The Economic Burden of Alzheimer’s Disease

This week, researchers and advocates from around the world convened in Copenhagen, Denmark for the Alzheimer’s Association International Conference 2014. The meeting highlighted the latest breakthroughs in research on dementia, and focused on its most common form: Alzheimer’s disease. Recent statistics indicate that an estimated 44 million people live with dementia worldwide. Currently, dementia constitutes the largest single contribution to disability and needs for care among older people, with the current global economic costs totaling U.S. $604 billion.

At the conference, Noam Kirson, an economist with Analysis Group and Lilly collaborator, presented findings on a study entitled, “Assessing the economic burden of Alzheimer’s disease patients treated by specialists on the date of preliminary diagnosis of cognitive decline.” The study demonstrates that patients with Alzheimer’s disease not seen by a specialist at the time of first diagnosis of cognitive decline incurred higher healthcare costs in the year following diagnosis as compared to patients with Alzheimer’s disease who were initially seen by a specialist. The cost difference between the two groups then converged over time. 


Regardless of the setting, the cost of care remains staggering. According to Alzheimer’s Disease International, the number of people living with dementia could rise to 135 million by 2050, with the impact falling equally on the millions of caretakers around the world.
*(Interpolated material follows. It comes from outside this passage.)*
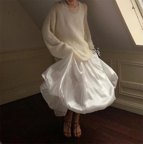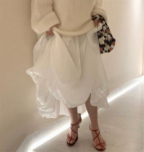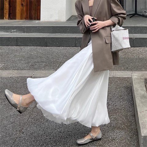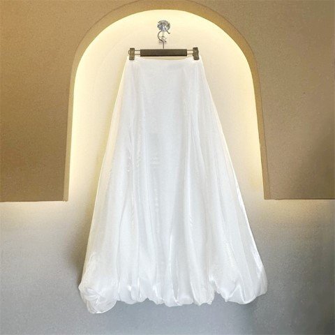 ロングスカート マキシ丈スカート ふんわり 清楚 お出かけ かわいい きれいめ XL ホワイト
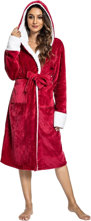 Ladies Robe Hooded Dressing Gown Fluffy Super Soft Plush Bath Robe for Women Housecoat Loungewear Bathrobe Loungewear Long Robe

Ultimately, Alzheimer’s disease will not only cripple the families of aging baby boomers, but could also challenge the healthcare systems of many developed nations.

The exponential growth of the disease continues to drive researchers to discover new treatments and potential cures which will lessen the economic impact on patients’ lives. While the complexity of the disease has challenged research efforts, we remain determined to work with scientists, advocates, and other stakeholders from around the world to end Alzheimer’s once and for all.